DATA FOR THIS EXERCISE:
-- Opening Marker --
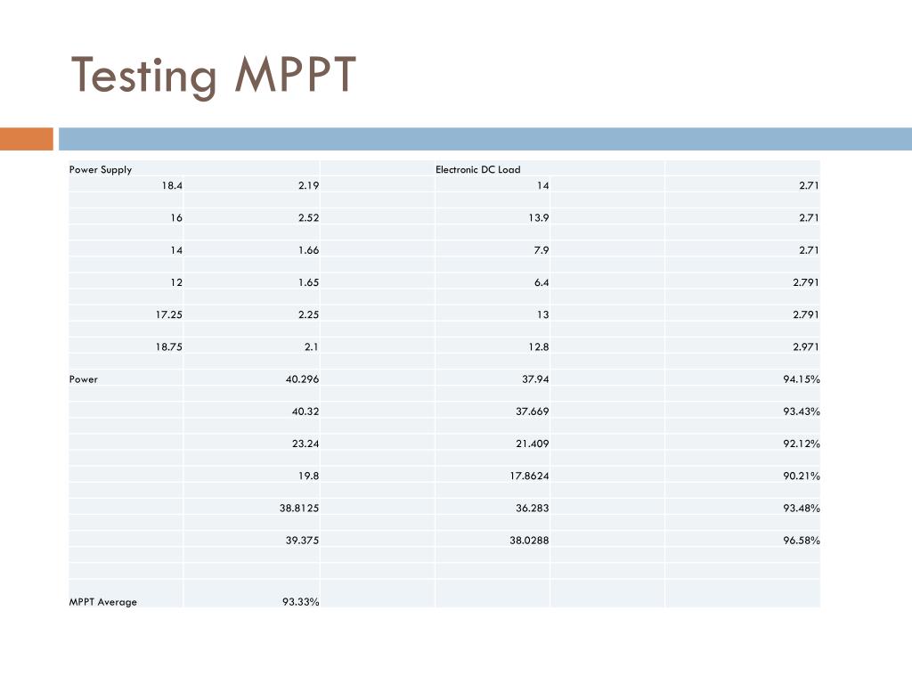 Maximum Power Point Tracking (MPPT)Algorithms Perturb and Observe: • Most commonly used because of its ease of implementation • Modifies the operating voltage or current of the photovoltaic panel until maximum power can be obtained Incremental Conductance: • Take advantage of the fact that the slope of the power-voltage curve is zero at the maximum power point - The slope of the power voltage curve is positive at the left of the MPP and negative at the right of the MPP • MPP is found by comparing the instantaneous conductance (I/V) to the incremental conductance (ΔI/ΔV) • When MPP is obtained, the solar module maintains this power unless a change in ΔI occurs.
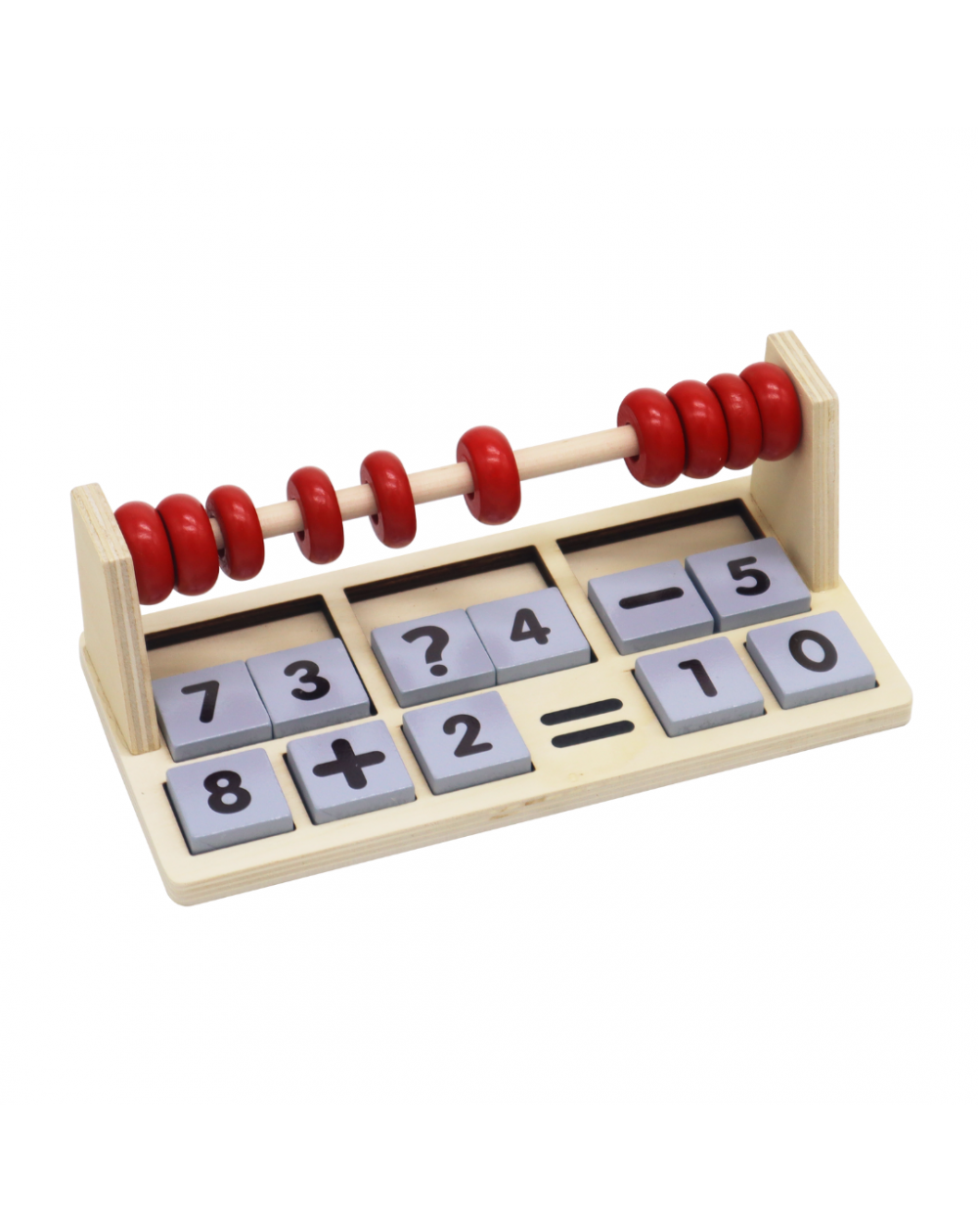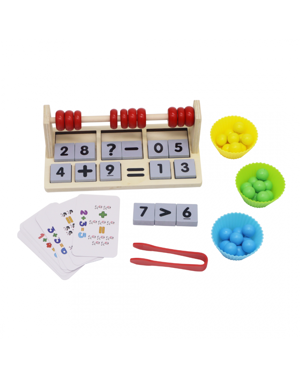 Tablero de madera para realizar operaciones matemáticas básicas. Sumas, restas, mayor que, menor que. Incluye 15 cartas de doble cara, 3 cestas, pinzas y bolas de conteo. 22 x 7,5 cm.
-- Closing Marker --
-- Opening Marker --
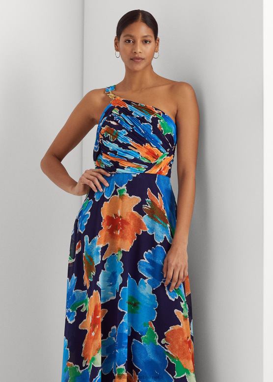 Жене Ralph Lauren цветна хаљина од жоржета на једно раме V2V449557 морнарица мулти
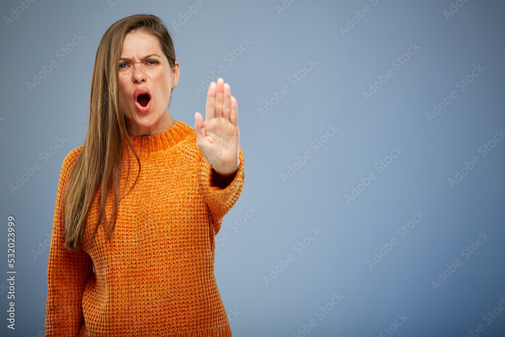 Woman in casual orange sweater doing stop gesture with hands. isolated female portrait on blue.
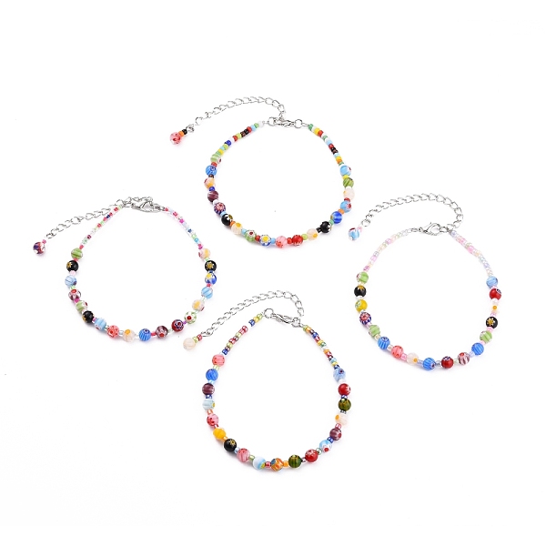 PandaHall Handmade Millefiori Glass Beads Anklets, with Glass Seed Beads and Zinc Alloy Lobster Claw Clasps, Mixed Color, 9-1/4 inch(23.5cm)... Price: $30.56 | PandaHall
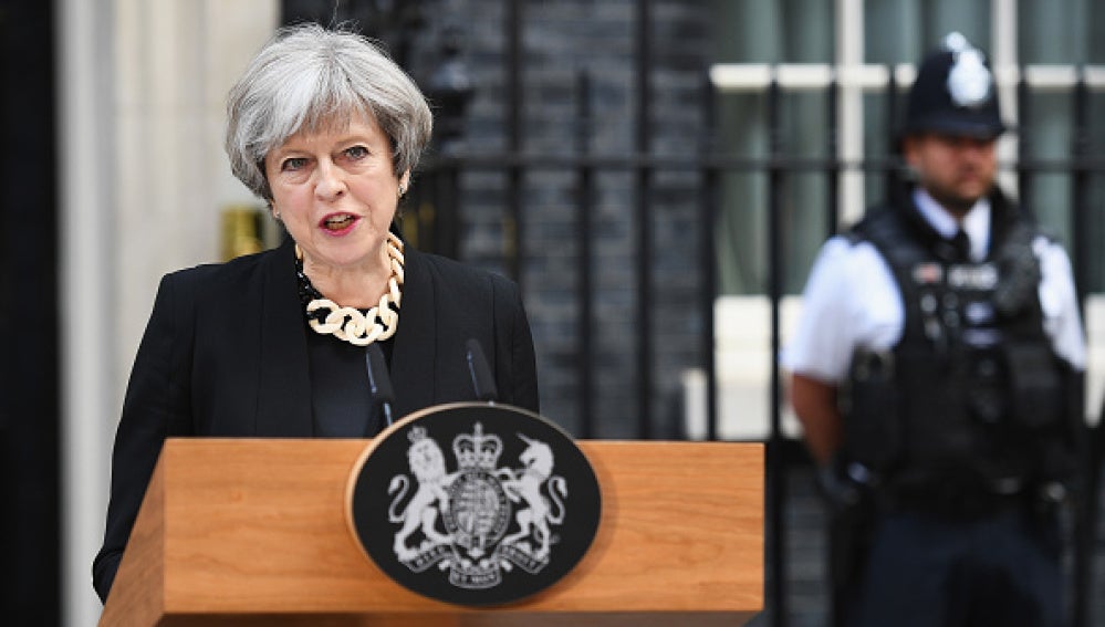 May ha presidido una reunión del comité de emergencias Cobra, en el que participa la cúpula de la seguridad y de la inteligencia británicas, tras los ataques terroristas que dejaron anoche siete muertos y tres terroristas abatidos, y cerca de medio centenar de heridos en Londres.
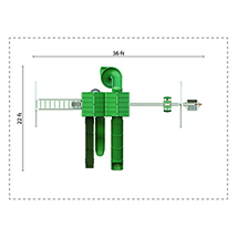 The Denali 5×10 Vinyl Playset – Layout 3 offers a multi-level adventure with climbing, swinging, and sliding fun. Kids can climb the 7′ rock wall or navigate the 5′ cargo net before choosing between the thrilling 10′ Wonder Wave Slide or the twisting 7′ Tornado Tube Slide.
-- Closing Marker --
TASK PROMPT: In the listing above, find the line containing "Maximum Power Point Tracking" and the line containing "Tablero de madera", then print exactly those two lines and every line between them, minus the pictures.

WRITTEN SOLUTION:
 Maximum Power Point Tracking (MPPT)Algorithms Perturb and Observe: • Most commonly used because of its ease of implementation • Modifies the operating voltage or current of the photovoltaic panel until maximum power can be obtained Incremental Conductance: • Take advantage of the fact that the slope of the power-voltage curve is zero at the maximum power point - The slope of the power voltage curve is positive at the left of the MPP and negative at the right of the MPP • MPP is found by comparing the instantaneous conductance (I/V) to the incremental conductance (ΔI/ΔV) • When MPP is obtained, the solar module maintains this power unless a change in ΔI occurs.
 Tablero de madera para realizar operaciones matemáticas básicas. Sumas, restas, mayor que, menor que. Incluye 15 cartas de doble cara, 3 cestas, pinzas y bolas de conteo. 22 x 7,5 cm.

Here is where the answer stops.